§ TASK ITEM: Go through the lines below and repeat each one exactly, skipping pictures.

§ AVAILABLE DATA:

>>>

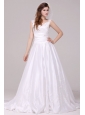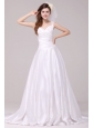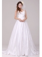 Home >  Wedding Dresses >  Perfect Wedding Dresses > A-Line Straps Embroidery Taffeta Wedding Dress with Brush Train
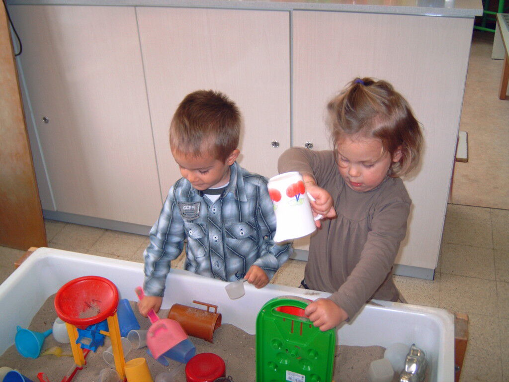 In de namiddag zongen we nog eens ons liedje 'Spetter spetter Spat'. We kregen 4 kleuters op bezoek uit de 1ste KK terwijl we speelden in de hoeken.
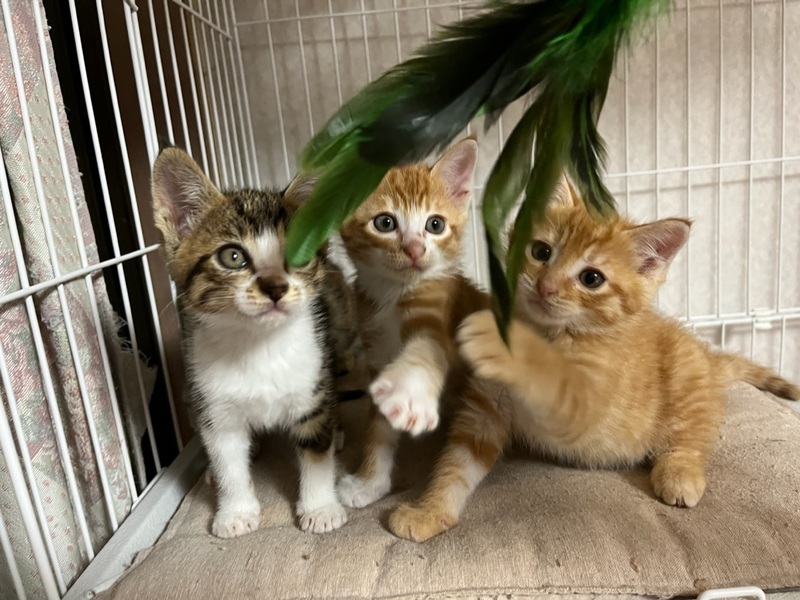 | 特徴(性格など) | 【見た目】 明るい茶トラで、しっぽは長くてまっすぐ。 少しだけ被毛が長めで、ほわほわしています。 兄弟もアメショ柄なので洋猫混じりだと思います。 お目目真ん丸というよりは、切れ長の野性的な顔立ちです。 たくさん食べて肉がつけば、お顔が丸くなって、毛ももっとふわふわになって可愛くなりそうです。 今でも毛が柔らかく、ふわふわなので触っていて気持ちがいいです。 風邪の治療中で、顔周りには目やにや鼻水が固まったものがこびりついています。 少しずつふやかして取っている最中です。 【性格】 兄弟の中で一番のおっとりちゃんで人懐こい子です。 保護した当日にはゆっくりまばたき(敵意はないという合図)をしてくれ、次の日には尻尾を立ててゴロゴロ甘えてくれました。 指にもじゃれてくれるようになり、ケージから出せー!みーみー!とアピールします(笑) 新しいおうちでもすぐに馴染めると思います。 1匹でも大丈夫ですが、兄弟猫と遊ぶのも大好きなので、2匹でもらっていただけるのが理想です。 その場合は怖がりな子とセットだと、支えあえるのでお家にも人にも慣れやすいと思います。 【健康状態】 栄養が足りていなかったのか、まだ痩せています。 今は頑張ってたくさん食べて、ふっくら健康を目指している最中です。 猫エイズ・白血病検査については、まだ月齢が幼く、負担が大きいこと&正確な結果が出ないため未検査です。 |
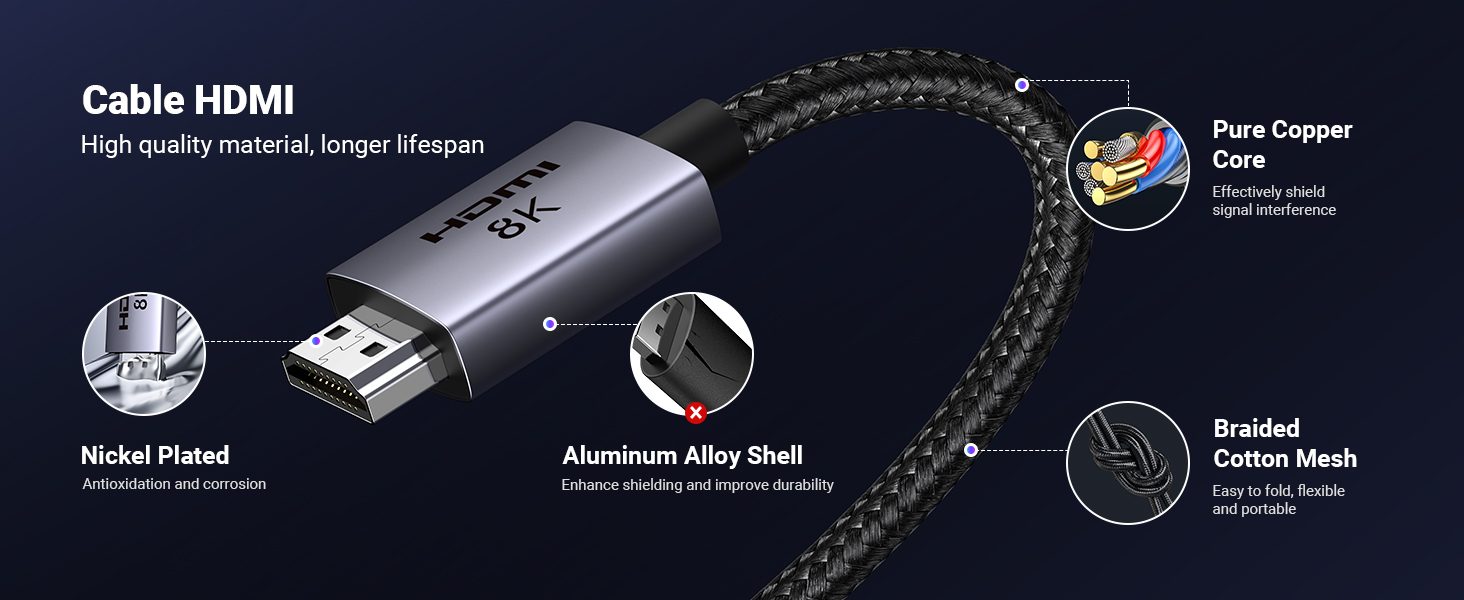 The Enhanced Audio Return Channel (eARC) simplifies your audio setup by sending pristine, object-based audio like Dolby Atmos from your smart TV’s apps directly to your compatible sound system. With Dynamic HDR, you’ll enjoy a wider range of colors, deeper contrasts, and more vivid details in every scene. This cable is the essential link for your gaming console, 4K Blu-ray player, and 8K TV. Its generous 32-foot length offers flexibility for complex home theater installations, while the robust braided design ensures reliability. Complete your premium setup with other UGREEN HDMI cables for all your devices and explore our audio-video collection for more ways to enhance your viewing experience.

<<<

§ SOLVED EXERCISE:
 Home >  Wedding Dresses >  Perfect Wedding Dresses > A-Line Straps Embroidery Taffeta Wedding Dress with Brush Train
 In de namiddag zongen we nog eens ons liedje 'Spetter spetter Spat'. We kregen 4 kleuters op bezoek uit de 1ste KK terwijl we speelden in de hoeken.
 | 特徴(性格など) | 【見た目】 明るい茶トラで、しっぽは長くてまっすぐ。 少しだけ被毛が長めで、ほわほわしています。 兄弟もアメショ柄なので洋猫混じりだと思います。 お目目真ん丸というよりは、切れ長の野性的な顔立ちです。 たくさん食べて肉がつけば、お顔が丸くなって、毛ももっとふわふわになって可愛くなりそうです。 今でも毛が柔らかく、ふわふわなので触っていて気持ちがいいです。 風邪の治療中で、顔周りには目やにや鼻水が固まったものがこびりついています。 少しずつふやかして取っている最中です。 【性格】 兄弟の中で一番のおっとりちゃんで人懐こい子です。 保護した当日にはゆっくりまばたき(敵意はないという合図)をしてくれ、次の日には尻尾を立ててゴロゴロ甘えてくれました。 指にもじゃれてくれるようになり、ケージから出せー!みーみー!とアピールします(笑) 新しいおうちでもすぐに馴染めると思います。 1匹でも大丈夫ですが、兄弟猫と遊ぶのも大好きなので、2匹でもらっていただけるのが理想です。 その場合は怖がりな子とセットだと、支えあえるのでお家にも人にも慣れやすいと思います。 【健康状態】 栄養が足りていなかったのか、まだ痩せています。 今は頑張ってたくさん食べて、ふっくら健康を目指している最中です。 猫エイズ・白血病検査については、まだ月齢が幼く、負担が大きいこと&正確な結果が出ないため未検査です。 |
 The Enhanced Audio Return Channel (eARC) simplifies your audio setup by sending pristine, object-based audio like Dolby Atmos from your smart TV’s apps directly to your compatible sound system. With Dynamic HDR, you’ll enjoy a wider range of colors, deeper contrasts, and more vivid details in every scene. This cable is the essential link for your gaming console, 4K Blu-ray player, and 8K TV. Its generous 32-foot length offers flexibility for complex home theater installations, while the robust braided design ensures reliability. Complete your premium setup with other UGREEN HDMI cables for all your devices and explore our audio-video collection for more ways to enhance your viewing experience.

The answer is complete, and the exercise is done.